I believe we would be very interested in a little standalone variant normalization tool, as well. :)
Current status on 7.0.0.BETA with Jannovar 0.13 incorporated. (i) Seems Exomiser just outputs what was input i.e. the 11:61165731 C CA variant comes out as that. (ii) The internal representation within Exomiser/Jannovar seems to be pos=61165731, ref="-", alt="A"
Therefore it seems to me that the indels in the frequency table should be normalized before loading into the database so they are correctly loaded. This used to happen but at some stage got broken. I will fix this and then hopefully we are there.
The only gotcha is my normalization should correspond to Jannovar normalization.
I have now tested this fix in 7.0.0.BETA and all seems fine
Here's another variant for testing:
On Exomiser 6.0 this variant gets shifted to a point where it's called as novel, despite the allele frequency of around 30%.

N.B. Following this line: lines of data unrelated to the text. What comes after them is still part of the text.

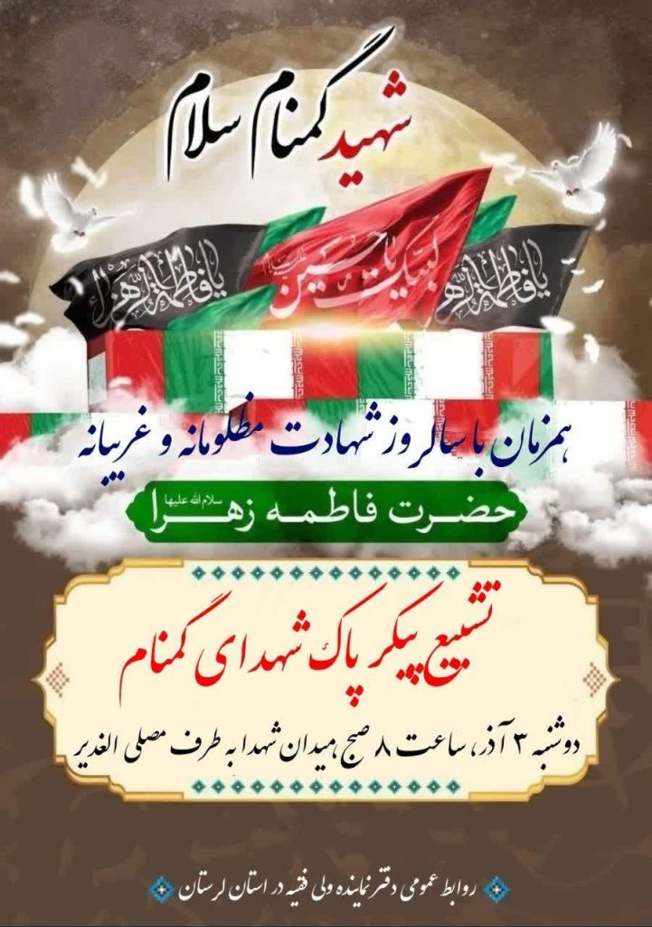 🔳 از کلیه مردم ولایتمدار و شهید پرور شهرستان خرم آباد دعوت میشود در مراسم تشییع پیکر پاک و مطهر شهدای گمنام شرکت فرمایید.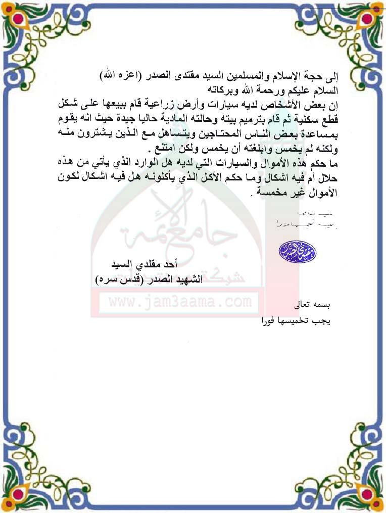 تخميس الاموال والسيارات(استفتاء للسيد القائد بتاريخ 11-2-2011)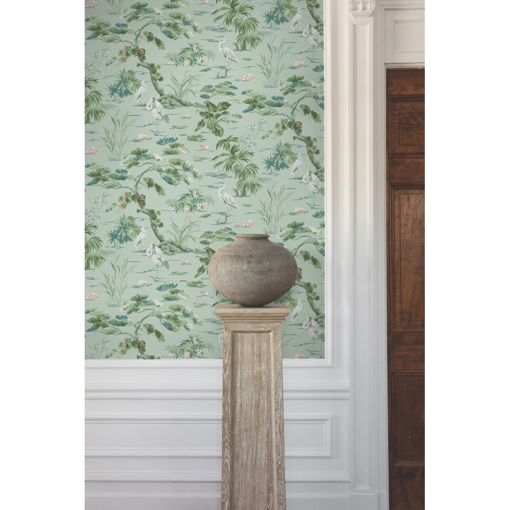 Herons and cranes rest between the lotus blossoms and Matsu trees in Bridgewater's stylized rendering of Asian wetlands, shown here in mint green with blue and pink.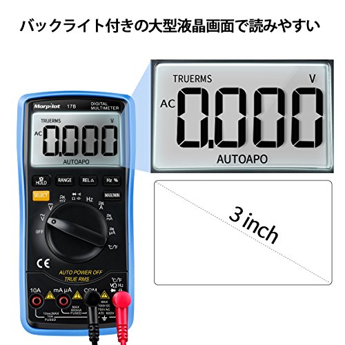- 大型バックライト付きLEDディスプレイ搭載:このマルチメーターは、高21mm、3.0インチLCDディスプレイのバックライト付き、明るい場所でも値を読み取ることが容易です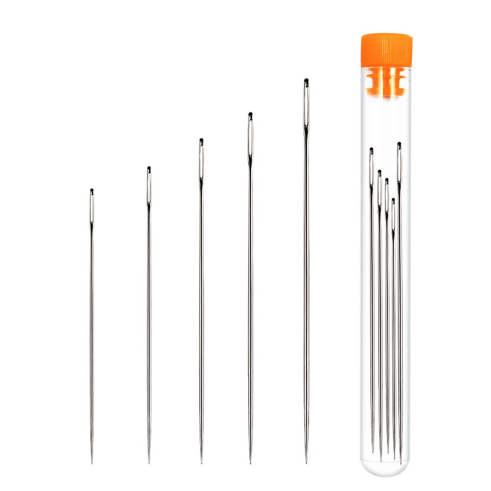 パッケージ内容:5サイズの異なる縫い針(89mm/100mm/125mm/150mm/175mm)、収納ケース×1。基本的なニーズを満たすことができる。大人気の手芸用の手縫針です。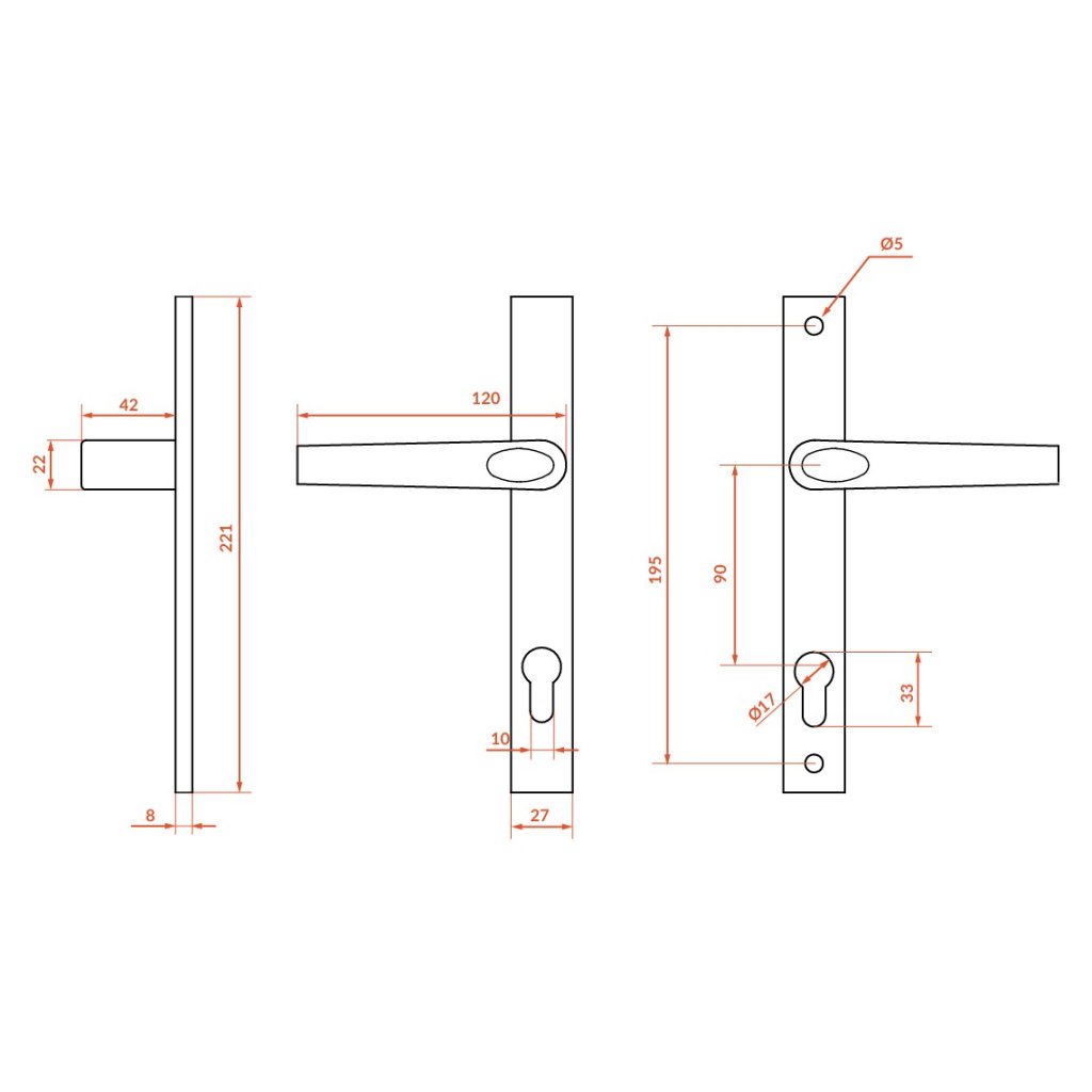 | Típus: | Kľučka na bránové dvere na dlhom kovaní pre cylindrickú vložku |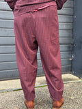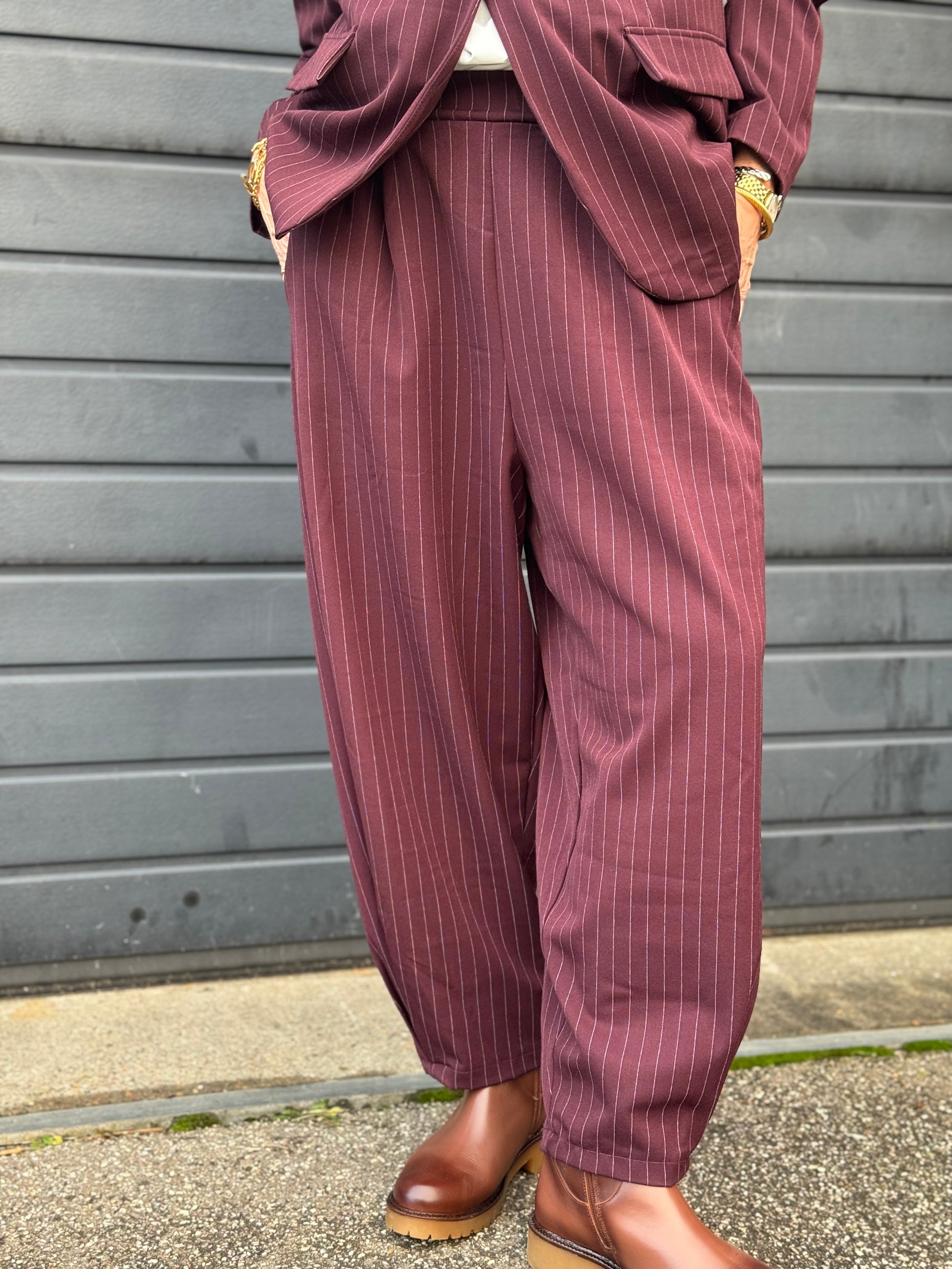 Disse lækre bukser fra Marta har den fineste nålestrib Bukserne har elastik i taljen, hvilket gør den behagelige at have på. Foran har bukserne skrålommer. Buksen har brede i benene som snævre en smule ind nederst.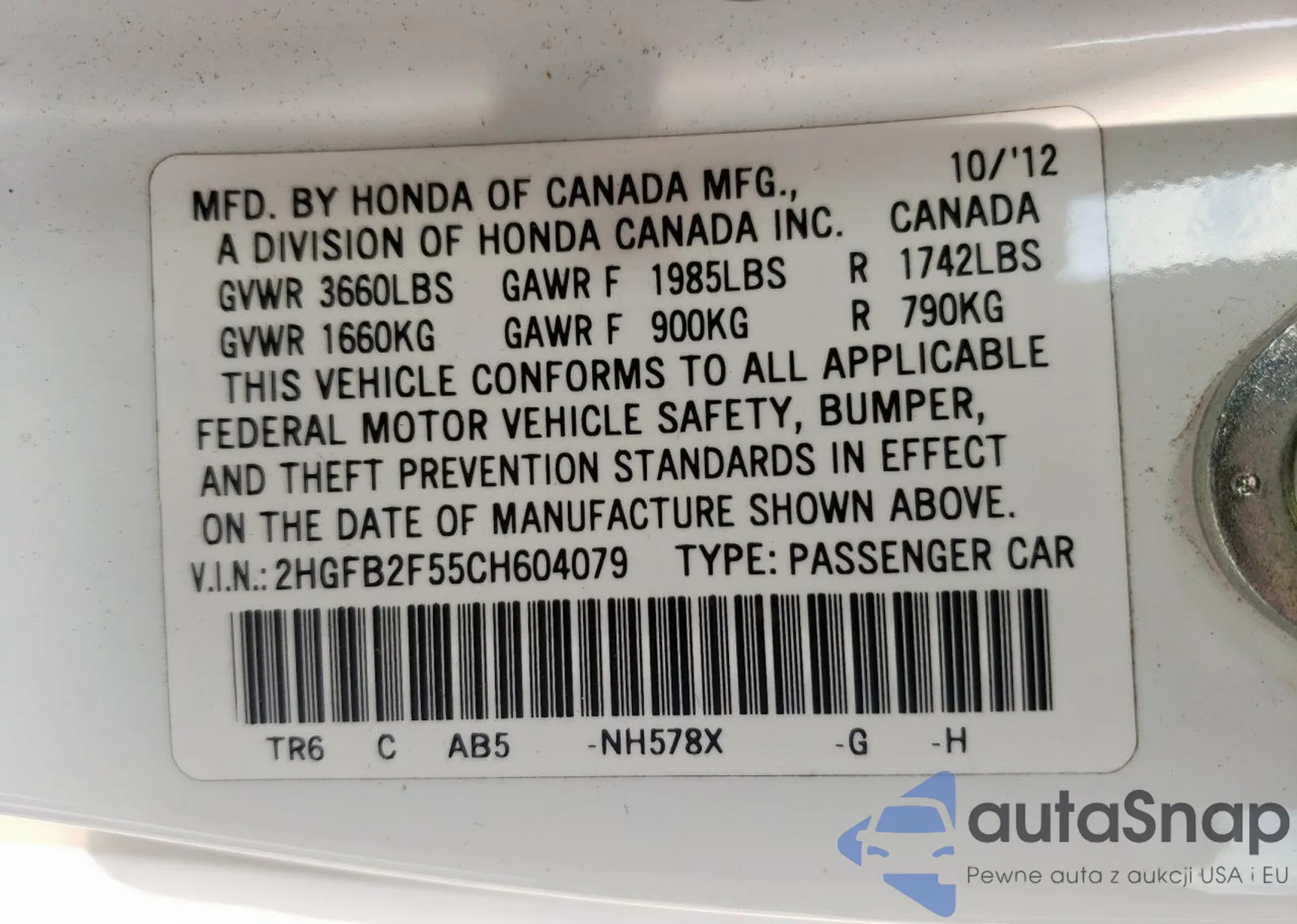 VIN: 2HGFB2F55CH604079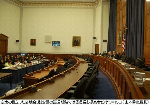 ◇聴聞会の意味・展望=この日の聴聞会は、ホンダ氏ら民主党議員5人とクリストファー・スミス氏ら共和党議員2人が先月31日、日本軍の慰安婦動員を非難して日本首相の公式謝罪を促す決議案(H.Res121)を提出したことを受けて開かれた。 議会消息筋は「この日の聴聞会で日本軍の蛮行実態が暴露され、日本政府の謝罪、釈明が偽りであることが明らかになったため、今後、決議案採択に前向きに作用するだろう」と述べた。 ホンダ議員は3月末までの決議案採択を目標にしている。 加藤良三駐米日本大使はこの日、アシア太平洋小委に書簡を送り、「日本はすでに慰安婦問題の責任を認め、韓国やフィリピン、台湾、インドネシアなど慰安婦被害者に補償もした」とし、決議案採択を阻止する意向を明確にした。

Here's the line from the VCF file:
chr15 100252709 . Ccagcagcagcagcagcagcagcagcagcagcagc Ccagcagcagcagcagcagcagcagcagc 999 . INDEL;DP=521;VDB=0.0390;AF1=0.25;AC1=1;DP4=66,106,47,95;MQ=50;FQ=999;PV4=0.35,1,1,1 GT:PL:GQ 0/1:255,0,255:99
And the line from the Exomiser 6.0 output tsv file:
chr15 100252738 AGCAGC - 999.0 PASS 0/1 521 NON_FS_DELETION MEF2A:uc010bot.3:exon8:c.1052_1057del:p.Q351_Q352del
Which is the same as this variant: http://exac.broadinstitute.org/variant/15-100252709-CCAGCAG-C
It seems that indels are not getting parsed correctly, resulting in the AF and dbSNP lookups to fail.
For example, the VCF file contains:
chr11 61165731 . C CA
This results in the following annotation in the exomiser output:
chr11:g.61165731->A
, which is incorrect. It should be g.6116573_2_The output lists there as being no frequency data, but this is actually rs11382548 with MAF 14%
Not sure how common this is? Can anyone confirm?